Records supplied>
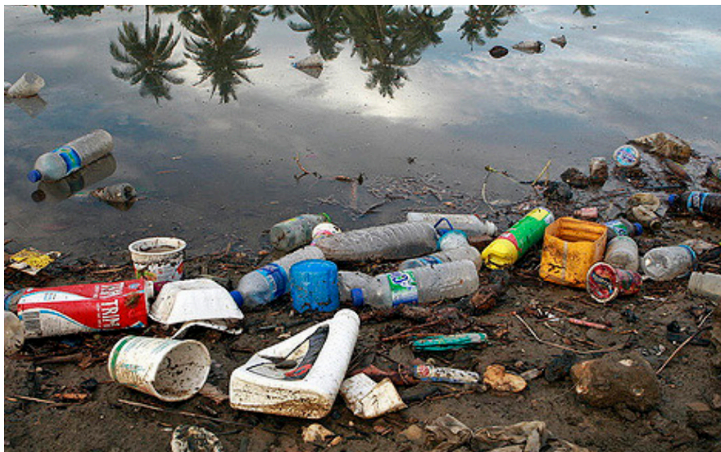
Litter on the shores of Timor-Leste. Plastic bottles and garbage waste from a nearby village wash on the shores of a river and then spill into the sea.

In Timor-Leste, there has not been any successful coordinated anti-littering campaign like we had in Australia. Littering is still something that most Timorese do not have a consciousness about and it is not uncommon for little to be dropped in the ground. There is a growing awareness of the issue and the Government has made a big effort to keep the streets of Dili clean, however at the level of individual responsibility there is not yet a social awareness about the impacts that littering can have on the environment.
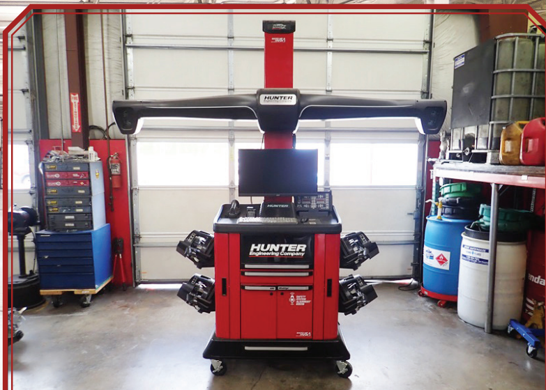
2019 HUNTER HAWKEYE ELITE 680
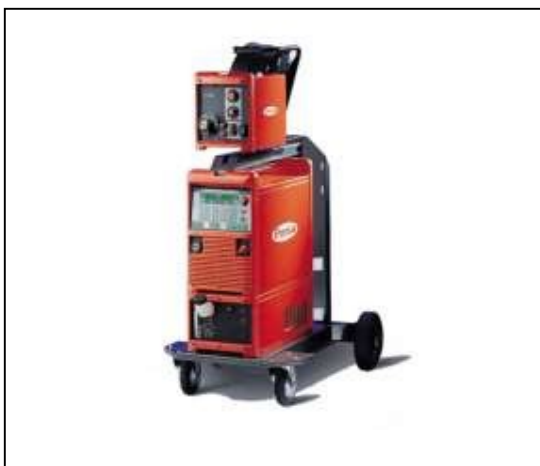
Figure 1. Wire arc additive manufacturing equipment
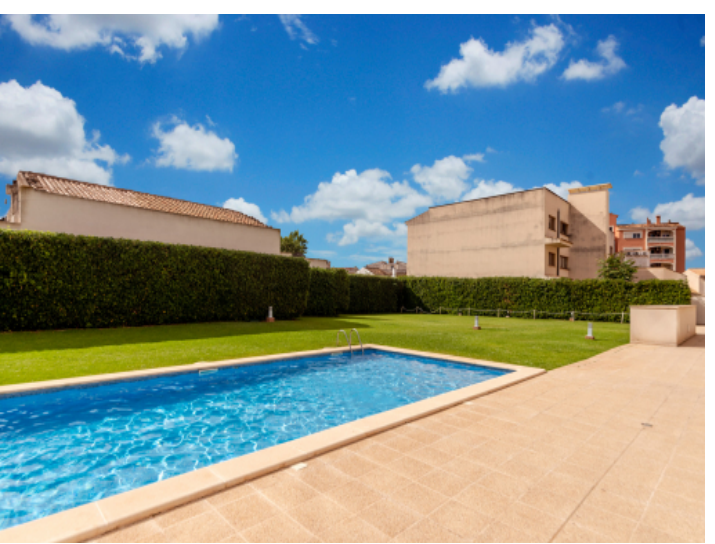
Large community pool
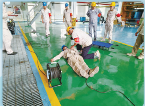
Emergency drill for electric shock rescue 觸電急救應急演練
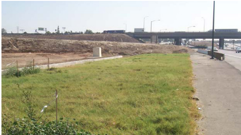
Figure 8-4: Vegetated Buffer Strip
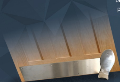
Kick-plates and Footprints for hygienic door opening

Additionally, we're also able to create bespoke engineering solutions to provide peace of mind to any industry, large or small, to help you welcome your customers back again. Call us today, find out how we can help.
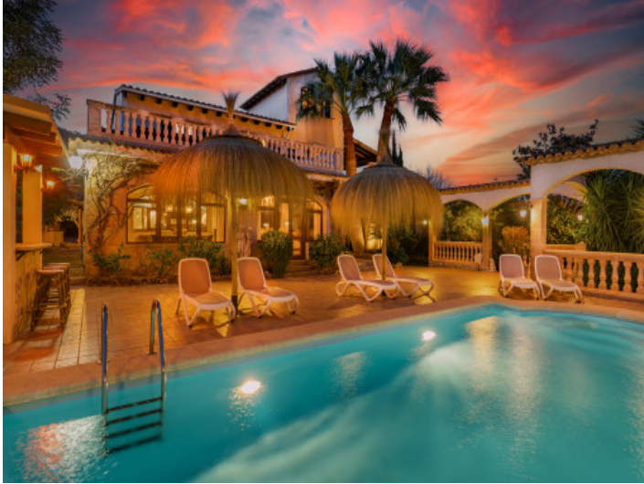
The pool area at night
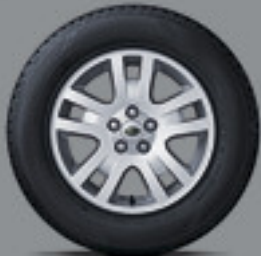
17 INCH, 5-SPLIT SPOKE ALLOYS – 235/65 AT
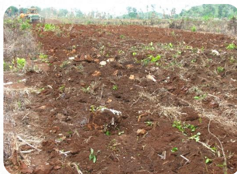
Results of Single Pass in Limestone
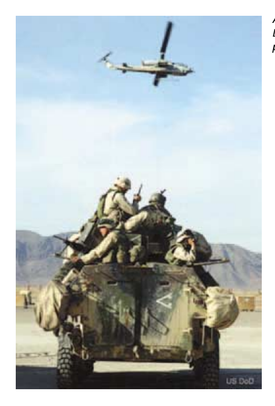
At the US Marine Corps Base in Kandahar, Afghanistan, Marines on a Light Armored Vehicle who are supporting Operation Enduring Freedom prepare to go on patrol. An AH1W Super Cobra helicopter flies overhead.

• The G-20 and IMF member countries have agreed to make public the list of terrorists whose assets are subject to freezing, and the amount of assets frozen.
---
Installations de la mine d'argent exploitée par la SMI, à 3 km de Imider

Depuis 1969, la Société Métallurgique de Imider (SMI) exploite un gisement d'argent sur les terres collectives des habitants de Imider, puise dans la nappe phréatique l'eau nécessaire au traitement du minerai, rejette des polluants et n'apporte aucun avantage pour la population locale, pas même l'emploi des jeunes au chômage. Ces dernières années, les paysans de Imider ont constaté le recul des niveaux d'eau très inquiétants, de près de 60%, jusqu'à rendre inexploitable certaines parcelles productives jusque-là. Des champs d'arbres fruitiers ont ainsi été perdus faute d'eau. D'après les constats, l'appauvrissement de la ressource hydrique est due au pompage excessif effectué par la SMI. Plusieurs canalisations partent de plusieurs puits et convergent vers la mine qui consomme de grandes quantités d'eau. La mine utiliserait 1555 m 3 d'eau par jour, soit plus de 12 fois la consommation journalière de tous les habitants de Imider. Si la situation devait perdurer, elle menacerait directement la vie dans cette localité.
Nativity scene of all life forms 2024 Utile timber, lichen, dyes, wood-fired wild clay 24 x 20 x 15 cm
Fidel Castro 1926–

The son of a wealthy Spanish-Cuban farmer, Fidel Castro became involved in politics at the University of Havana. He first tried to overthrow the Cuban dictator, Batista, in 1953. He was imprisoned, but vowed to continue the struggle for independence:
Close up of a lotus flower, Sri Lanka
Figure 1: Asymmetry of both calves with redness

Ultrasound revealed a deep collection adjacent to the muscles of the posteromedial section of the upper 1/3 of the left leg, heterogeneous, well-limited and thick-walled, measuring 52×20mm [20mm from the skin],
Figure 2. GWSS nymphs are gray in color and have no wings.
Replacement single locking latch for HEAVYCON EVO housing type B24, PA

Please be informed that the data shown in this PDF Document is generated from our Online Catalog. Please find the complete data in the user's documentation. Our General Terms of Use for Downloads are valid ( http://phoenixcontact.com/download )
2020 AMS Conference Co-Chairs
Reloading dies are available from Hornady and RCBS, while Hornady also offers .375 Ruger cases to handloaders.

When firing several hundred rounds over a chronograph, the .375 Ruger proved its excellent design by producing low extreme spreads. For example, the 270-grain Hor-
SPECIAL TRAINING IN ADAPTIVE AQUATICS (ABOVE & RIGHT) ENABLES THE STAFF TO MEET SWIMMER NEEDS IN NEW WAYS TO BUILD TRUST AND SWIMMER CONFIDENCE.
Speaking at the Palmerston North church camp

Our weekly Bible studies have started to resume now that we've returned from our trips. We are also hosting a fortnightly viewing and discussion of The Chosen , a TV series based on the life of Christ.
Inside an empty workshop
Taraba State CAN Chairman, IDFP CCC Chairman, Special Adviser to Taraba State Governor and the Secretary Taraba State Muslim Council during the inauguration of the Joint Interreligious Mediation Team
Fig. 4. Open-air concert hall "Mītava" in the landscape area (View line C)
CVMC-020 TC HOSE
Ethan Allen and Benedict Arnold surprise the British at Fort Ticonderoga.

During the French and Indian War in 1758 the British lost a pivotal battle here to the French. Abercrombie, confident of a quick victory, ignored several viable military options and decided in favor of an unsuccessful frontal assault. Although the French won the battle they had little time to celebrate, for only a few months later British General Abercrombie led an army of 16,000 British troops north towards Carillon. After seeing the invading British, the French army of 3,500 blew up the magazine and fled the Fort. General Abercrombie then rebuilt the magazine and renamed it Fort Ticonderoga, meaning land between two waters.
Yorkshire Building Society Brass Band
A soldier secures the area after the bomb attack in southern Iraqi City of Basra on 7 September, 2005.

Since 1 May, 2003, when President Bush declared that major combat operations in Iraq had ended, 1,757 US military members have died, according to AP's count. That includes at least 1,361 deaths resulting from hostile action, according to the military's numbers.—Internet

Assigned task>
In the material above, find each line that has the string "military" and return it.

Response below>
During the French and Indian War in 1758 the British lost a pivotal battle here to the French. Abercrombie, confident of a quick victory, ignored several viable military options and decided in favor of an unsuccessful frontal assault. Although the French won the battle they had little time to celebrate, for only a few months later British General Abercrombie led an army of 16,000 British troops north towards Carillon. After seeing the invading British, the French army of 3,500 blew up the magazine and fled the Fort. General Abercrombie then rebuilt the magazine and renamed it Fort Ticonderoga, meaning land between two waters.
Since 1 May, 2003, when President Bush declared that major combat operations in Iraq had ended, 1,757 US military members have died, according to AP's count. That includes at least 1,361 deaths resulting from hostile action, according to the military's numbers.—Internet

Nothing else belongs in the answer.